5. Contracts, Deeds etc.
- a. Upon the coming into effect of this Scheme, and subject to the provisions of this Scheme, all contracts, deeds, bonds, agreements, schemes, arrangements, insurance, letters of Intent, undertaking, policies and other instruments of whatsoever nature, to which the Transferor Company is a party or to the benefit of which Transferor Company may be eligible, and which are subsisting or have effect immediately before the Effective Date, shall continue in full force and effect on or against or in favour of, as the case may be, the Transferee Company and may be enforced as fully and effectually as if, instead of the Transferor Company concerned, the Transferee Company had been a party or beneficiary or oblige thereto or thereunder.
- b. Without prejudice to the other provisions of this Scheme and notwithstanding that vesting of the assets occur by virtue of this Scheme itself, the Transferee Company may, at any time after the coming into effect of this Scheme, in accordance with the provisions hereof, if so required under any law or otherwise, take such actions and execute such deeds (including deeds of adherence), confirmations or other writings or arrangements with any party to any contract or arrangement to which the Transferor Company is a party or any writings as may be necessary in order to give formal effect to the provisions of this Scheme. The Transferee Company shall, after the Effective Date, under the provisions of this Scheme, be deemed to be authorised to execute any such writings on behalf of the Transferor Company and to carry out or perform all such formalities or compliances referred to above on the part of the Transferor Company to be carried out or performed.
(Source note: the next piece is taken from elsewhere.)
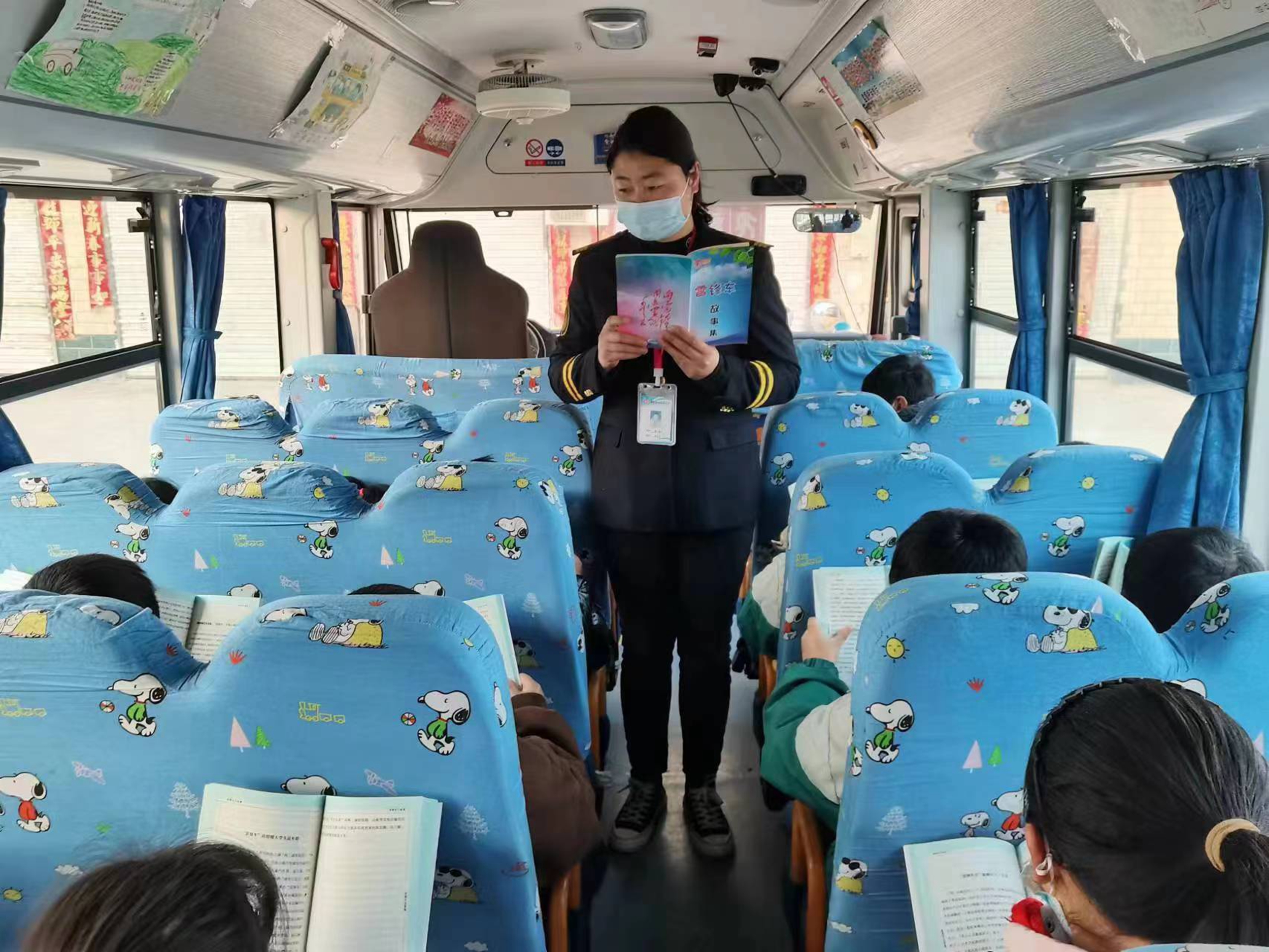 每学期正式开学前,都会提前与学校对接乘坐校车的孩子名单,核对人数、孩子的联系电话,与家长们提前沟通了解每个孩子的性格,记录下要注意的事项。为了能更快地记住每个孩子,她会在孩子上车时和孩子打招呼确认孩子的姓名,根据孩子们的座位,将他们的姓名贴到座椅后背上。最初,孩子们面对这位陌生阿姨不敢过多交流,慢慢的,在她细心地照看之下,孩子们喜欢上了这个温暖的阿姨。

c. Without prejudice to the generality of the foregoing, upon the coming into effect of this Scheme and with effect from the Appointed Date, all consents, permissions, licenses, certificates, clearances, authorities, powers of attorney given by, issued to or executed in favour of the Transferor Company shall stand transferred to the Transferee Company, as if the same were originally given by, issued to or executed in favour of the Transferee Company, and the Transferee Company shall be bound by the terms thereof, the obligations and duties thereunder, and the rights and benefits under the same shall be available to the Transferee Company.
6. Transfer and Vesting of Liabilities
a. Upon the coming into effect of this Scheme and with effect from the Appointed Date all debts and liabilities of the Transferor Company including all secured and unsecured debts (in whatsoever currency), liabilities (including contingent liabilities), duties and obligations of the Transferor Company of every kind, nature and description whatsoever whether present or future, and howsoever arising, along with any charge, encumbrance, lien or security thereon (herein referred to as ! the "Liabilities") shall, pursuant to the sanction of this Scheme by the Tribunal and under the provisions of Sections 230 to 232 of the Act and other applicable provisions, if any, of the Act, without any further act, instrument, deed, matter or thing, be and stand transferred to and vested in and be deemed to have been transferred to and vested in the Transferee Company, to the extent they are outstanding on the Effective Date so as to become as and from the Appointed Date the Liabilities of the Transferee Company on the same terms and conditions as were applicable to the Transferor Company, and the Transferee Company shall meet, discharge and satisfy the same and further it shall not be necessary to obtain the consent of any third party or other person who is a party to any contract or arrangement by virtue of which such

Liabilities have arisen in order to give effect to this Scheme.
- b. Where any such debts, liabilities, duties and obligations of the Transferor Company as on 'the Appointed Date have been discharged by such Transferor Company on or after the Appointed Date and prior to the Effective Date, such discharge shall be deemed to be for and on account of the Transferee Company upon the coming into effect of this Scheme.
- c. All loans raised and utilized and all liabilities, duties and obligations incurred or undertaken by the Transferor Company on or after the Appointed Date and prior to the Effective Date shall be deemed to have been raised, used, incurred or undertaken for and on behalf of the Transferee Company and to the extent they are outstanding on the Effective Date, shall, upon the coming into effect of this Scheme and under the provisions of Sections 230 to 232 of the Act, without any further act, instrument or deed be stand transferred to and vested in and be deemed to have been transferred to and vested in the Transferee Company and shall become the loans and liabilities, duties and obligations of the Transferee Company which shall meet, discharge and satisfy the same.
- d. Loans, advances and other obligations (including any guarantees, letters of credit, letters of comfort or any other instrument or arrangement which may give rise to a contingent liability in whatever form), if any, due or which may at any time from the Appointed Date to the Effective Date become due between the Transferor Company and the Transferee Company shall, ipso facto, stand discharged and come to an end and there shall be no liability in that behalf on' any party and the appropriate effect shall be given in the books of accounts and records of the Transferee Company.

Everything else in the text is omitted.